Bild: Können Demonstranten, die den Völkermord an den Armenien verharmlosen, …
Freiburg taz | Justizminister Marco Buschmann (FDP) gerät unter Druck, weil
er eine Verschärfung des Meinungsstrafrechts initiiert hat, die vom
Bundestag [1][faktisch unter Ausschluss der Öffentlichkeit beschlossen
wurde]. In Zukunft soll die Leugnung und gröbliche Verharmlosung von
Völkermorden und Kriegsverbrechen in Deutschland als Volksverhetzung
strafbar sein – wenn dies den öffentlichen Frieden stört und geeignet ist,
zu Hass und Gewalt aufzustacheln.
Der Bundestag hat die Verschärfung des Volksverhetzungsparagrafen 130 am
20. Oktober spätabends beschlossen. Grundlage war eine Formulierungshilfe
des Justizministeriums, die erst am Vortag in ein anderes Gesetz eingefügt
worden war. Das Gesetz wurde im Bundestag dann gegen die Stimmen von AfD
und Linken angenommen, wobei die Linke am Vortag im Rechtsausschuss noch
dafür gestimmt hatte.
Bisher war in Deutschland nur die Billigung, Leugnung und Verharmlosung des
Holocaust sowie die Billigung von Straftaten aller Art ausdrücklich
strafbar. Die EU-Kommission hatte aber im Dezember 2021 ein
Vertragsverletzungs-Verfahren gegen Deutschland eingeleitet, weil
Deutschland einen EU-Rahmenbeschluss von 2008 zur Bekämpfung des Rassismus
nicht richtig umgesetzt habe. Dort ist keine Beschränkung auf den Holocaust
vorgesehen, weil die osteuropäischen Staaten insbesondere auch
Völkerstraftaten der einstigen Sowjetunion erfassen wollten.

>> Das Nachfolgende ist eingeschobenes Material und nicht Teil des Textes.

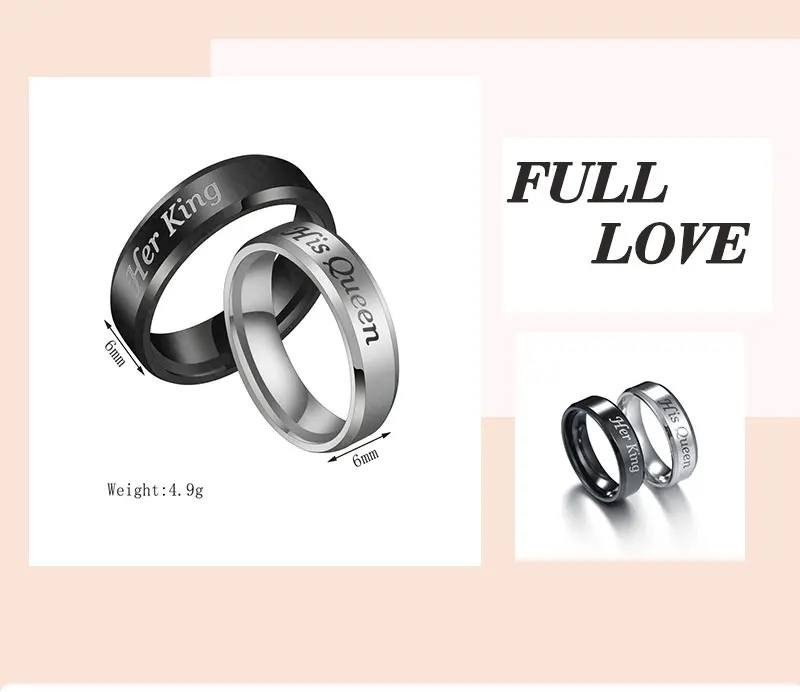 Кольцо HisQueenHerKing женскоемужское из нержавеющей стали шириной 6 мм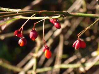 ニシキギの実(20071111)ニシキギ科 花も実もコマユミと一緒だが、枝にコルク質の板状の翼がある。紅葉はその名のとおり美しい。 |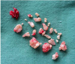 Ca phẫu thuật được thực hiện thuận lợi và các bác sĩ tiến hành lấy trọn khối u. U là một khối màu trắng ngà, rắn, kích thước 3x3x2 cm, gồm nhiều tiểu thể nhỏ kết dính lại với nhau, và được bao bọc bằng một bao xơ dầy dai chắc. Khi chia tách u ra để khảo sát thì một điều hết sức bất ngờ là có tổng cộng đến 54 chiếc răng nhỏ li ti bên trong khối u răng này.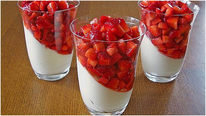Gläser zur Hälfte damit füllen und gut 2 Stunden kalt ziehen lassen.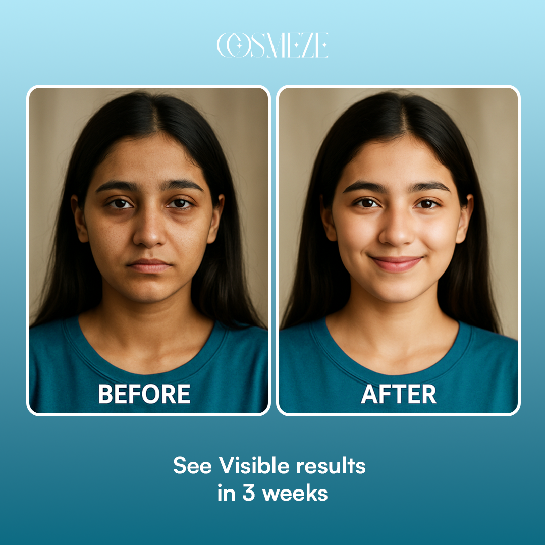 Unleash your skin’s natural radiance with the COSMEZE Skin Love Active Glow Serum, a potent blend of five scientifically backed ingredients designed to target dullness, dark spots, dryness, and uneven tone.

Insofern musste Deutschland reagieren. Die Leipziger Rechtsprofessorin
Elisa Hoven wirft Buschmann und dem Bundestag nun aber vor, dass sie nicht
von einer Möglichkeit der Einschränkung Gebrauch gemacht haben, die der
EU-Rahmenbeschluss ausdrücklich vorsieht. Danach kann die Strafbarkeit des
Leugnens und groben Verharmlosens auf Völkerstraftaten begrenzt werden, die
„ein internationales Gericht“ endgültig festgestellt“ hat.

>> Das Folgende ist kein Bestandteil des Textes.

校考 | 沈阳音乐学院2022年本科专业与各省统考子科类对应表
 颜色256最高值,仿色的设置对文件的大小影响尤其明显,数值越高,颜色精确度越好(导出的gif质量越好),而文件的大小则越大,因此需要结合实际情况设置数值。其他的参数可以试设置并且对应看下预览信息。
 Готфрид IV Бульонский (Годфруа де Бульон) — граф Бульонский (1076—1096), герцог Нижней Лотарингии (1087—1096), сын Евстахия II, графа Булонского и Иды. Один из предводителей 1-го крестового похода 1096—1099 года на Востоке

## Historische Wahrheit soll Debattengegenstand bleiben
So könnte verhindert werden, dass künftig jedes deutsche Amtsgericht
Beweisaufnahmen durchführen müsste, wie sie sonst am Internationalen
Strafgerichtshof in Den Haag üblich sind, so Hoven auf [2][dem juristischen
Webportal Libra], „deutsche Amtsgerichte sollten nicht darüber verhandeln
müssen, ob das [3][Massaker an den Armeniern] ein Völkermord war oder ob
Israel in besetzten Gebieten Kriegsverbrechen begangen hat“.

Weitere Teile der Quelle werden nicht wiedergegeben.